Empower provides many of the same services as Mint, including what they describe as a 360° view of your finances. Like Mint, Empower aggregates all your financial accounts in one place to give you a high-altitude view of your entire financial life. That includes tools like a budgeting planner, retirement plan, and net worth calculator.
But Empower is first and foremost an investment platform. Even the free version provides their Investment Checkup tool, which assesses your portfolio risk, analyzes past performance, and models individualized asset allocations. And if you have at least $100,000 to invest, you can take advantage of Empower Wealth Management service.
You Need a Budget (YNAB)
YNAB is one of the most popular budgeting services available. Short for You Need A Budget, YNAB uses a four-step process for making money management more stress-free: 1) Give every dollar a job, 2) Embrace your true expenses, 3) Roll with the punches, and 4) Age your money.

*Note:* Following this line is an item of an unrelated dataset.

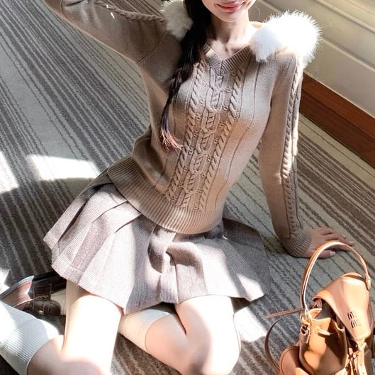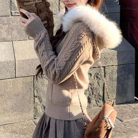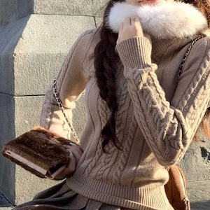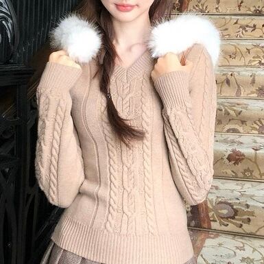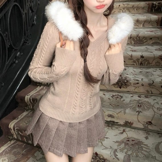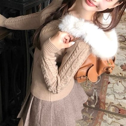 ふわもこファーポイントケーブルニット PA00032

Each represents a creative title describing a specific financial strategy. For example, giving every dollar a job is where you decide where to spend your money before you earn it. Roll with the punches encourages you to be flexible with your money so you’ll be better prepared for contingencies.
Unlike Mint, YNAB is a premium service. The cost is $99 for an annual subscription, equal to $8.25 per month. But if you prefer to pay monthly, the fee is $14.99. Both plans begin after a 34-day free trial.
EveryDollar is a budgeting service provided by Dave Ramsey’s Ramsey Solutions. It’s designed to help you cut your monthly expenses, and “find an extra $332 hiding in plain sight” within the first month.
There is a free version that will provide you with a customizable budget and savings funds, but most of the real services are available through the Premium version. That’s where you’ll be provided with a financial roadmap, paycheck planning, goal setting, group financial coaching, and smart tracking recommendations, among other features. Premium is available for a monthly fee of $12.99, or an annual fee of $79.99, both following a 14-day free trial.
Frequently Asked Questions (FAQ)
How trustworthy is Mint?
Mint has industry-standard protocols set up to protect your information. The app also gets high ratings from mobile users, including 4.8 out of five stars from nearly 800,000 iOS users on The App Store, and 4.2 out of five stars among more than 200,000 Android users on Google Play.
What are the downsides of using Mint.com?
Because Mint needs to aggregate all your financial accounts on the app, it can be time-consuming and somewhat complicated upon set up. It’s also possible to experience syncing difficulties with certain accounts or providers, especially investment accounts.
Does Mint work?
Mint provides a centralized, comprehensive picture of your entire financial life on one app, then offers helpful suggestions and even services to help you improve your finances. The fact that the app is used by hundreds of thousands of users testifies to the validity of the product.
Is the Mint paid version worth it?
Seems the answer here is no. The only mention of Mint Premium on the Mint website is in the support page, where they instruct users on how to cancel it
So, here’s where I come out on Mint. If you’re a visual processor, like me, Mint has all the right graphs and charts to make you feel in control of your finances. The program is orderly, easy, and don’t forget, free.
It’s an excellent tool for managing your budget, especially if you like the visual overview of your budget that tools like YNAB don’t offer. It’s also a helpful “beginner budget” tool for those who aren’t disciplined about writing down every transaction. As long as all of your accounts are linked to Mint, it’ll do the hard work for you. With that said, Mint is weak in other areas, especially with investing.
Overall, Mint is worth trying if you’re interested in an online budgeting tool. Plus it has an app that is excellent to use so that you can track your spending on the fly.